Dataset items
+--
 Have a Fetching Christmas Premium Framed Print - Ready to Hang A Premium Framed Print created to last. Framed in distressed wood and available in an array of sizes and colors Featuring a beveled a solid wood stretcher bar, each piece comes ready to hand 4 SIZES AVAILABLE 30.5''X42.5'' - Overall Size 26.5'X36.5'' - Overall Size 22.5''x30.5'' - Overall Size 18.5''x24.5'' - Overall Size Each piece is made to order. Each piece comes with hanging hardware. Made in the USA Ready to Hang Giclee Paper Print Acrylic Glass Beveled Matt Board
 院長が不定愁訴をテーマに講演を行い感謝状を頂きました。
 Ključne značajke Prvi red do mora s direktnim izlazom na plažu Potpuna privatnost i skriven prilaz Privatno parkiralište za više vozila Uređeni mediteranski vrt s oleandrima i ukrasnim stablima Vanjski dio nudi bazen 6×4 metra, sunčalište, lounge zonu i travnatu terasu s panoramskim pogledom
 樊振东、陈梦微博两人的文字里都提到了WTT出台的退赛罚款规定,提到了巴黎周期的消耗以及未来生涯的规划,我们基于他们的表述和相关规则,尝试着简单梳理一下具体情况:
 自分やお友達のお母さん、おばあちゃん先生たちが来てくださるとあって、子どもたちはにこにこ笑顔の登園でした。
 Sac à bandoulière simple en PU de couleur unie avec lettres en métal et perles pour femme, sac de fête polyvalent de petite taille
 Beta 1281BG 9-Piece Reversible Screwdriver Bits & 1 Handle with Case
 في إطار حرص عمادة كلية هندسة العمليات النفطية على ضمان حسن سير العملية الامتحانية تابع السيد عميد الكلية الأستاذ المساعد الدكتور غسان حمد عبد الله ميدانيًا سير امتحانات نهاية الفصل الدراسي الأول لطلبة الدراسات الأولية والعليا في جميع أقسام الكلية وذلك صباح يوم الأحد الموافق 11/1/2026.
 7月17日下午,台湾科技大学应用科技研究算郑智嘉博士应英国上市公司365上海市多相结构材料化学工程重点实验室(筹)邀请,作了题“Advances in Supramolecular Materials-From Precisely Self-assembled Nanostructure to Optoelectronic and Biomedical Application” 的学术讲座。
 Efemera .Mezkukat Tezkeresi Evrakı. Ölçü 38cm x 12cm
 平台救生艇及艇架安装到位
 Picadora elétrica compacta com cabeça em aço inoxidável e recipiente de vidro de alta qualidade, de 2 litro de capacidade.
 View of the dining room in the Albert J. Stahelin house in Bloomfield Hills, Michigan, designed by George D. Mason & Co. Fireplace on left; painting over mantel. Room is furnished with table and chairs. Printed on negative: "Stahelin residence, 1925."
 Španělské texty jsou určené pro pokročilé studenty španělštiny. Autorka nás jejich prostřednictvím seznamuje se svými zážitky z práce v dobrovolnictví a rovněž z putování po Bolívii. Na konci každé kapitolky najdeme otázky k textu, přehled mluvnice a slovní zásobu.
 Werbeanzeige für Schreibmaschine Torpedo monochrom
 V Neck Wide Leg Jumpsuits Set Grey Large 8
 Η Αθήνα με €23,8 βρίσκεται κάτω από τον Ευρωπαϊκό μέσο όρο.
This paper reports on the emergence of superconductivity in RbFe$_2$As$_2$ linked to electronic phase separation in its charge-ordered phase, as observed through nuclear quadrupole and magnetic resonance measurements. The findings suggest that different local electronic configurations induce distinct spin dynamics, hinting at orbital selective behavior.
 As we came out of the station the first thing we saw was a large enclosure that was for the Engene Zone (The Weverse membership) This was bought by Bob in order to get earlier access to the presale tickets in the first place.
+--
* The task *
Your answer must be the records above, repeated exactly.

* Exercise response *
 Have a Fetching Christmas Premium Framed Print - Ready to Hang A Premium Framed Print created to last. Framed in distressed wood and available in an array of sizes and colors Featuring a beveled a solid wood stretcher bar, each piece comes ready to hand 4 SIZES AVAILABLE 30.5''X42.5'' - Overall Size 26.5'X36.5'' - Overall Size 22.5''x30.5'' - Overall Size 18.5''x24.5'' - Overall Size Each piece is made to order. Each piece comes with hanging hardware. Made in the USA Ready to Hang Giclee Paper Print Acrylic Glass Beveled Matt Board
 院長が不定愁訴をテーマに講演を行い感謝状を頂きました。
 Ključne značajke Prvi red do mora s direktnim izlazom na plažu Potpuna privatnost i skriven prilaz Privatno parkiralište za više vozila Uređeni mediteranski vrt s oleandrima i ukrasnim stablima Vanjski dio nudi bazen 6×4 metra, sunčalište, lounge zonu i travnatu terasu s panoramskim pogledom
 樊振东、陈梦微博两人的文字里都提到了WTT出台的退赛罚款规定,提到了巴黎周期的消耗以及未来生涯的规划,我们基于他们的表述和相关规则,尝试着简单梳理一下具体情况:
 自分やお友達のお母さん、おばあちゃん先生たちが来てくださるとあって、子どもたちはにこにこ笑顔の登園でした。
 Sac à bandoulière simple en PU de couleur unie avec lettres en métal et perles pour femme, sac de fête polyvalent de petite taille
 Beta 1281BG 9-Piece Reversible Screwdriver Bits & 1 Handle with Case
 في إطار حرص عمادة كلية هندسة العمليات النفطية على ضمان حسن سير العملية الامتحانية تابع السيد عميد الكلية الأستاذ المساعد الدكتور غسان حمد عبد الله ميدانيًا سير امتحانات نهاية الفصل الدراسي الأول لطلبة الدراسات الأولية والعليا في جميع أقسام الكلية وذلك صباح يوم الأحد الموافق 11/1/2026.
 7月17日下午,台湾科技大学应用科技研究算郑智嘉博士应英国上市公司365上海市多相结构材料化学工程重点实验室(筹)邀请,作了题“Advances in Supramolecular Materials-From Precisely Self-assembled Nanostructure to Optoelectronic and Biomedical Application” 的学术讲座。
 Efemera .Mezkukat Tezkeresi Evrakı. Ölçü 38cm x 12cm
 平台救生艇及艇架安装到位
 Picadora elétrica compacta com cabeça em aço inoxidável e recipiente de vidro de alta qualidade, de 2 litro de capacidade.
 View of the dining room in the Albert J. Stahelin house in Bloomfield Hills, Michigan, designed by George D. Mason & Co. Fireplace on left; painting over mantel. Room is furnished with table and chairs. Printed on negative: "Stahelin residence, 1925."
 Španělské texty jsou určené pro pokročilé studenty španělštiny. Autorka nás jejich prostřednictvím seznamuje se svými zážitky z práce v dobrovolnictví a rovněž z putování po Bolívii. Na konci každé kapitolky najdeme otázky k textu, přehled mluvnice a slovní zásobu.
 Werbeanzeige für Schreibmaschine Torpedo monochrom
 V Neck Wide Leg Jumpsuits Set Grey Large 8
 Η Αθήνα με €23,8 βρίσκεται κάτω από τον Ευρωπαϊκό μέσο όρο.
This paper reports on the emergence of superconductivity in RbFe$_2$As$_2$ linked to electronic phase separation in its charge-ordered phase, as observed through nuclear quadrupole and magnetic resonance measurements. The findings suggest that different local electronic configurations induce distinct spin dynamics, hinting at orbital selective behavior.
 As we came out of the station the first thing we saw was a large enclosure that was for the Engene Zone (The Weverse membership) This was bought by Bob in order to get earlier access to the presale tickets in the first place.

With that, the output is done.